Grace Letteridge shook her head vehemently, but her mouth had tightened.

“Who was the young man?” he persisted.

But she was already collecting the tea things and carrying them out to the kitchen, effectively closing the subject.

He followed her through the house.

“I even know the name,” he told her as she set the tray on the kitchen table, her back to him. “It was Robert Baylor—”

She whirled so quickly he wasn’t prepared, couldn’t even defend himself. Her right hand slapped him so hard across the face that he saw pinpoints of light dancing in front of his eyes.

“Don’t ever say his name to me, do you hear? Don’t you ever dare!”

And before he could prevent it, she was out of the room and going up the stairs where he couldn’t follow her.

Rutledge stood there in the kitchen, his face stinging and his own anger mounting.

“You shouldna’ ha’ pressed her sae hard. No’ if the young man was hers.”

“If it was Robert Baylor who seduced Emma Mason, why does she feel so strongly that it was Hensley who killed the girl?”

But then there was no proof that Emma had been seduced. She could just as easily have fought Baylor off. Especially if the attack had been a trial balloon, as it were. A test to see whether this very pretty girl was willing or not.

Hensley, on the other hand, hearing about what appeared to be a successful seduction, might well have tried his own luck, and when Emma threatened to tell her grandmother, rid himself of the girl and the problem.

Then why had Hensley even brought up what Constable Markham thought he’d seen?

Because, Rutledge realized, Robert Baylor was safely dead in France and couldn’t deny it. And Hensley had quietly managed to shift suspicion to Grace Letteridge.

Hensley was clever. He’d escaped one black mark against his name in London. He couldn’t have risked a second one here, particularly not laying hands on a young girl whose grandmother was connected to the Harkness family.

Was that a strong enough motive for the first murder?

Emma’s?

Bowles had given the constable a second chance, allowing him to redeem himself in the backwaters of Northamptonshire. But even Bowles would quickly wash his hands of Hensley if there was a raging scandal of that nature.

Chief Superintendent Bowles valued his title and his position more than he valued a subordinate.

Rutledge had the feeling that the disconnected bits and pieces were beginning to make more sense.

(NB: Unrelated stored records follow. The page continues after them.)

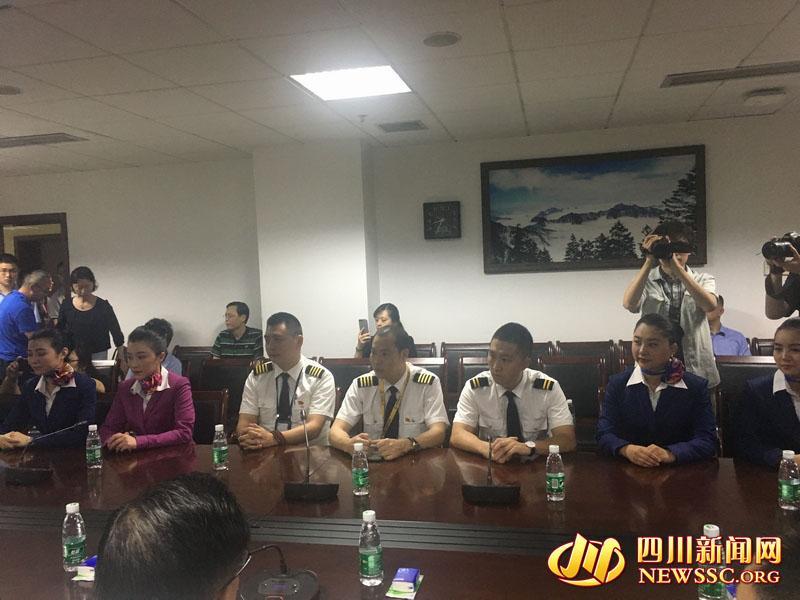 5月14晚8點30分,四川新聞網(wǎng)記者在成都市第一人民醫(yī)院見到了四川航空公司3U8633機組機長劉傳健及機組成員,記者發(fā)現(xiàn)機組成員狀態(tài)良好。在代表機組向媒體介紹相關(guān)情況時,機長劉傳健聲音洪亮,精神飽滿。劉傳健說,“感謝社會各界對機組的關(guān)心和厚愛。今天發(fā)生的這件事應(yīng)該是很罕見的,但是經(jīng)過機組的共同努力,做到人機安全,保障了我們所有的旅客安全,我和我的機組是非常榮幸的?!?/p>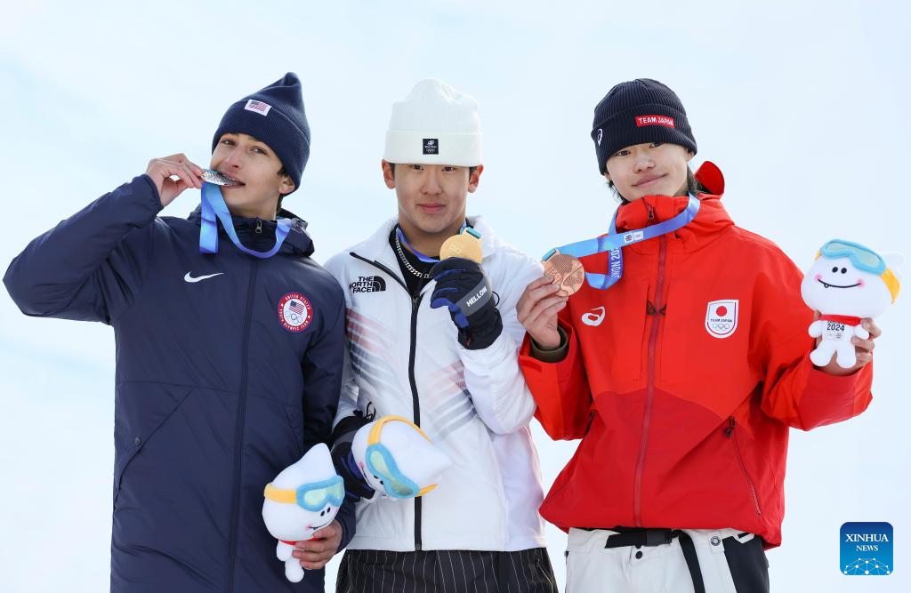 Gold medalist Lee Chaeun (C) of South Korea, silver medalist Alessandro Barbieri (L) of the United States and bronze medalist Yamada Ryusei of Japan pose for photos during the victory ceremony of the Men's Halfpipe Final of snowboard event at the Gangwon 2024 Winter Youth Olympic Games in Hoengseong, South Korea, Feb. 1, 2024. (Xinhua/Hu Huhu)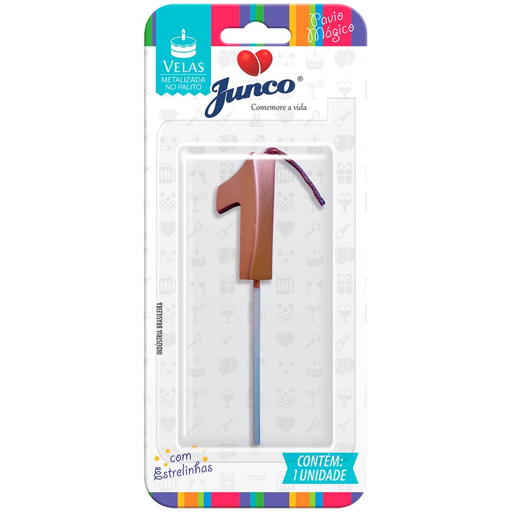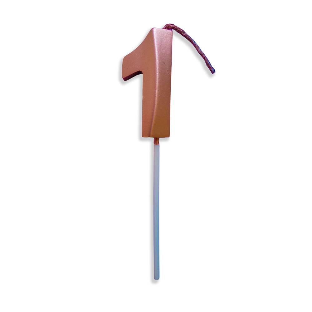 Vela Aniversário No Palito Metalizada Rose Gold Nº 1 Junco

But what about the second attempt at murder? Hensley’s own?

Rutledge had made an enemy of Grace Letteridge, bringing up Robert Baylor’s name. And if she’d shot Hensley in revenge for what she believed he’d done to Emma, Rutledge realized he’d better be watching his own back.

Then where exactly did the relationship between Robert Baylor and Grace Letteridge fit into this picture?

21

In late afternoon, Rutledge walked to The Oaks and re - ceived a chilly reception from Keating.

“When am I to have my barmaid back again?”

“It won’t be long. Towson is showing improvement.”

“What brings you to my door? I’ve nothing more to say to you.”

“I’ve come to speak to one of your guests. Mrs. Channing. Is there a parlor where we can speak privately?”

“You’re not to upset her,” Keating told him belligerently. “Not under my roof.”

Surprised by such unexpected protectiveness, Rutledge said, “I’ve come to ask a favor of her. Not badger her.”

Hamish said, “She has befuddled him.”

Keating went away to speak to her and after several minutes returned to conduct Rutledge to a small but pretty sitting room done up in cream and gold, as if Keating had followed the existing color scheme when he repainted the room for his use.